Months after Edward Snowden shocked the world by revealing the extent of the NSA’s surveillance efforts, the Office of the Director of National Intelligence pulled the curtain back even further by publicizing a once-secret program that collects records of all domestic phone calls in the United States. Newly-declassified documents outlining the call logging program were released at the start of a Senate Judiciary Committee hearing on the topic Wednesday, just as The Guardian was doing some publishing of their own. The British paper revealed a 32-page presentation leaked by Snowden that explains an Internet-mining program called XKeyscore.
XKeyscore is an NSA tool that collects ‘nearly everything a user does on the internet’ and is the ‘widest-reaching’ of all programs that record online activity, according to The Guardian.
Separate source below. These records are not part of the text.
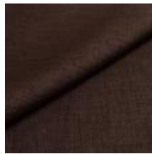
Lido 46 mole 1017146
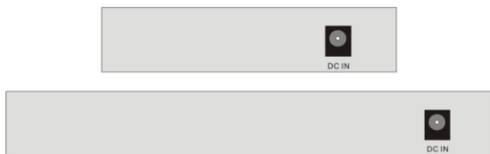
Рис 2. Задняя панель

На задней панели расположен стандартный разъем для подключения к источнику питания.
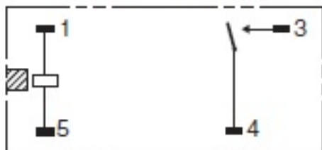
端子配置/内部接続図 (BOTTOM VIEW)
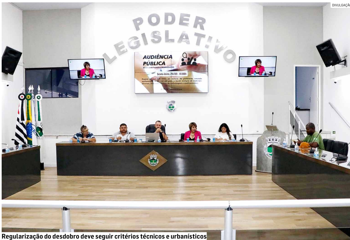
Regularização do desdobro deve seguir critérios técnicos e urbanísticos

Conforme o texto, os "lotes ou glebas" - ou seja, terrenos - com área igual ou superior a 250 m 2 "cuja posse entre duas pessoas seja comprovadamente anterior à data de publicação desta Lei" poderão ser desdobra-
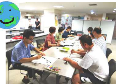
▲昨年度行われた「はじめよう！国際交流ボランティア」講座 2019の様子
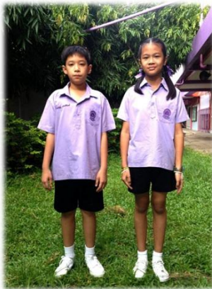
ลักษณะการแต่งกายชุดพลศึกษา ชาย - หญิง
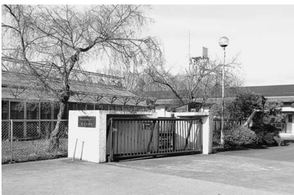
埼玉県農林総合研究センター秩父試験地

問 秩父市は秩父市名産品の発売に努力しているが、農産物の試験機関である埼玉農林総合センター1秩父試験地が来年廃止となる。
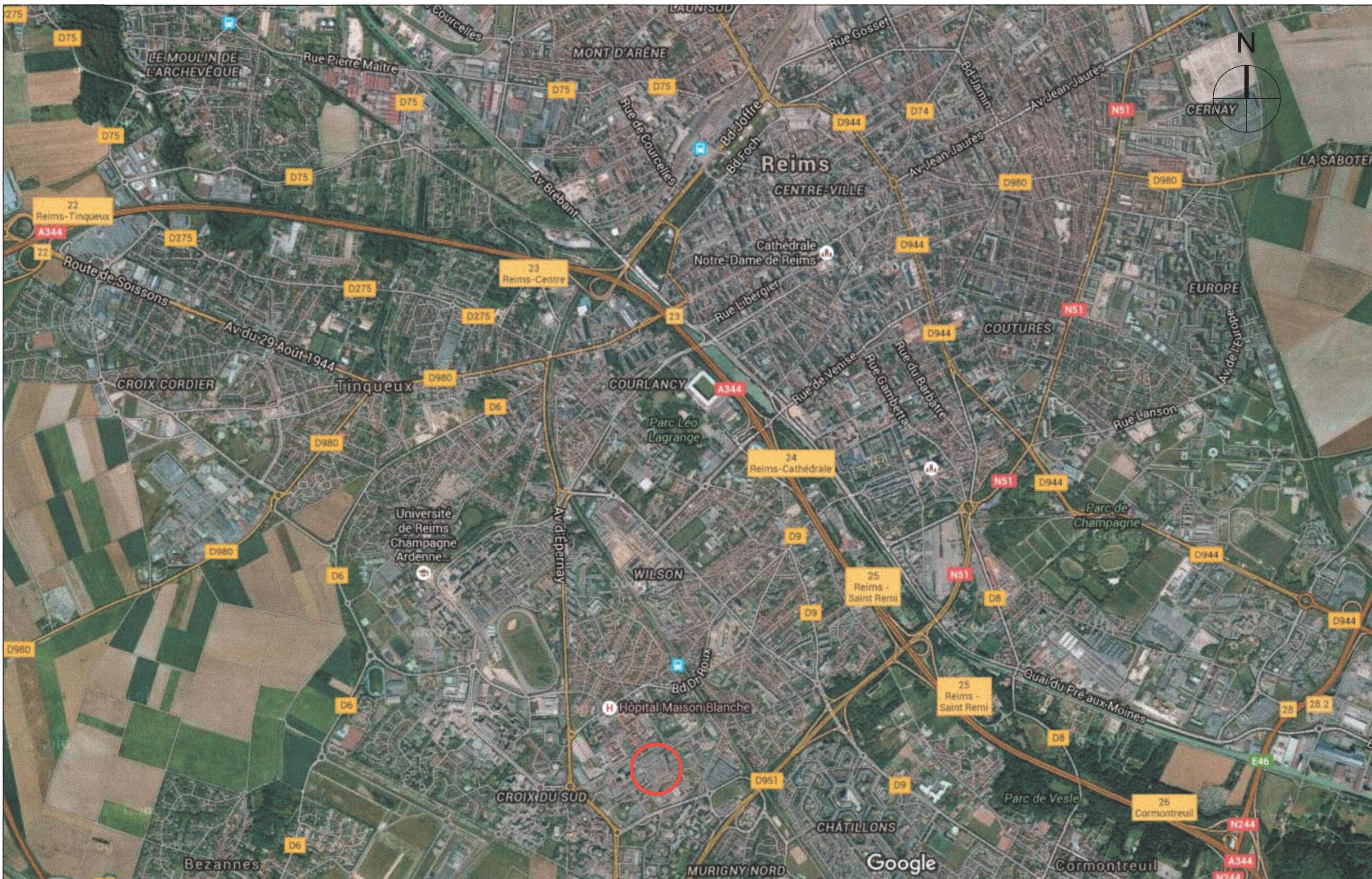
PLAN DE SITUATION SUR LA VILLE DE REIMS
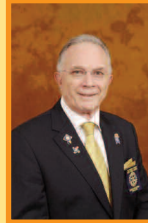
Jean-Pierre RIVIÈRE Gouverneur D9220
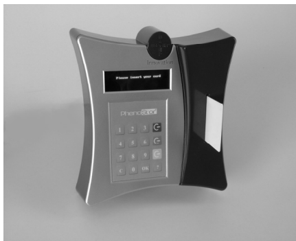
Abb. 3: PhenoStor ® -Kartenlese-Einheit

Die am weitesten fortgeschrittene Umsetzung der holographisch beschreibbaren Polymere als Datenspeicher stellt derzeit PhenoStor ® dar. Die möglichen Einsatzfelder beschränken sich nicht auf den ID-Check, also der Authentisierung oder Identifizierung von Personen [Bund05], [Icao03]. Auch die Gesundheits- oder übergreifende Bankkarte werden als nahe liegende Anwendungen betrachtet. Umfassende Patienten- bzw. Kundendaten lassen sich, wirksam gegen Datenmissbrauch oder -diebstahl geschützt, auf einer PhenoStor ® -Speicherkarte ablegen und autorisierten Benutzergruppen zur Verfügung stellen: Das Röntgenbild für den Radiologen, die Blutdruckwerte für den Internisten, Adresse und Geburtsort für die Krankenkasse können getrennt gespeichert und abgefragt werden. [Bmgs05]. Ähnlich verhält es sich beim Stand des Girokontos bei Bank A gegenüber den Informationen über die Sparbucheinlagen bei Bank B, die voneinander getrennt sein müssen.

Analysts using the system can even intercept ongoing real-time data from a person’s internet use. Snowden controversially described the program’s capabilities in a video interview released in June: “I, sitting at my desk, could wiretap anyone, from you or your accountant, to a federal judge or even the president, if I had a personal email.”

Top-secret training materials detail the extent of XKeyscore.
Credit: The Guardian
Government officials aggressively denied that claim. “He’s lying. It’s impossible for him to do what he was saying he could do,” Rep. Mike Rogers (R- MI), the Republican chairman of the House Intelligence Committee, said of Snowden.
Requests for information mined from huge agency databases are granted after filling out a simple form, requiring only a ‘broad justification.’ A court’s approval is not needed; such requests do not even require the approval of any other NSA personnel.
Meanwhile, the documents released by the government include a Foreign Intelligence Surveillance Court ruling that required a Verizon subsidiary to turn over all of its customer’s phone records from the previous three months. The secondary order claimed that the government could easily access logs when an executive branch official decides that a case includes “facts giving rise to a reasonable, articulable suspicion” of a number’s association with terrorism.
The document release also examined the provision of the Patriot Act that allowed the court to make such a ruling, which was up for reauthorization in 2011.
The controversial court order obtaining Verizon phone records was apparently rooted in a surveillance law that allows the FBI to access any records that are ‘relevant’ to an investigation. The question, then, is how the FISA court stretched that term to justify collecting records of all calls. Officials maintain that a subset of these calls will later prove relevant after analysis determines who has ties to suspected terrorists.